Ibu Kahiyang juga pak Gibran bergabung bersama para guru yang dari sekolah lain. Sementara pak Danu berbaur dengan para siswa.
Seperti yang dikatakan ketua OSIS, semua siswa hanya mencari kayu bakar disekitar belakang sekolah itu saja. tidak ada yang berani masuk sampai ke dalam sana. Rumor tentang hutan angker itu masih melekat jelas di kepala semua warga SMA Citra Bangsa.
"ini sudah setengah enam tapi Zain sama Satria kenapa belum pulang juga" Sharlin mulai gelisah.
Mereka telah kembali mencari kayu bakar, bahkan sudah membersihkan diri dan bersiap menunggu waktu magrib. Di dalam tenda, mereka semua berkumpul.
"telpon gih, aku kok khawatir gini ya" Danial memegang dadanya yang berdebar tidak karuan. Gelisah dan begitu khawatir.
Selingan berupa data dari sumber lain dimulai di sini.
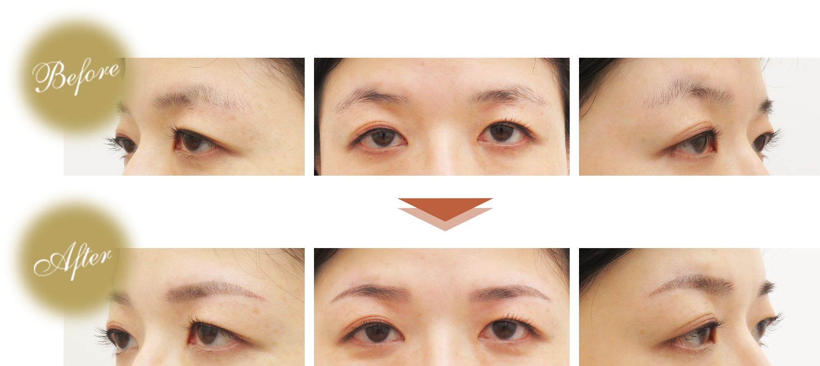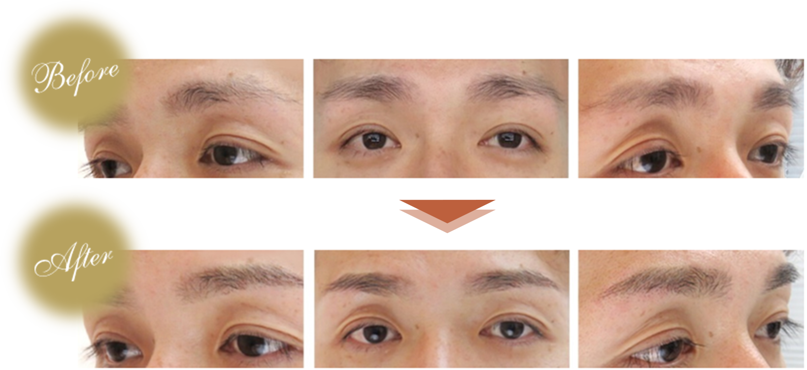 眉頭から眉尻まで、ふんわりとグラデーションをつけながら仕上げるアートメイクです。パウダー眉・3Dグラデーション・マイクロピグメンテーションとも呼ばれています。昔の塗りつぶしたような眉毛アートメイクではなく、素顔でも濃すぎずに自然と馴染む仕上がりです。

"nggak aktif. Duh gimana ini, malah sudah mau malam. Apa kita susul saja" Ayunda mulai panik.
"nomor Satria nggak aktif juga kah...?" tanya Jin.
"nggak, dua-duanya nggak aktif. kita beritahu mas Gibran, aku nggak tenang, sumpah" Danial keluar dari tenda.
Yang lain menyusul dan mencari keberadaan Gibran di aula sekolah, karena tadi mereka melihat laki-laki itu bersama pak Danu berjalan ke arah aula.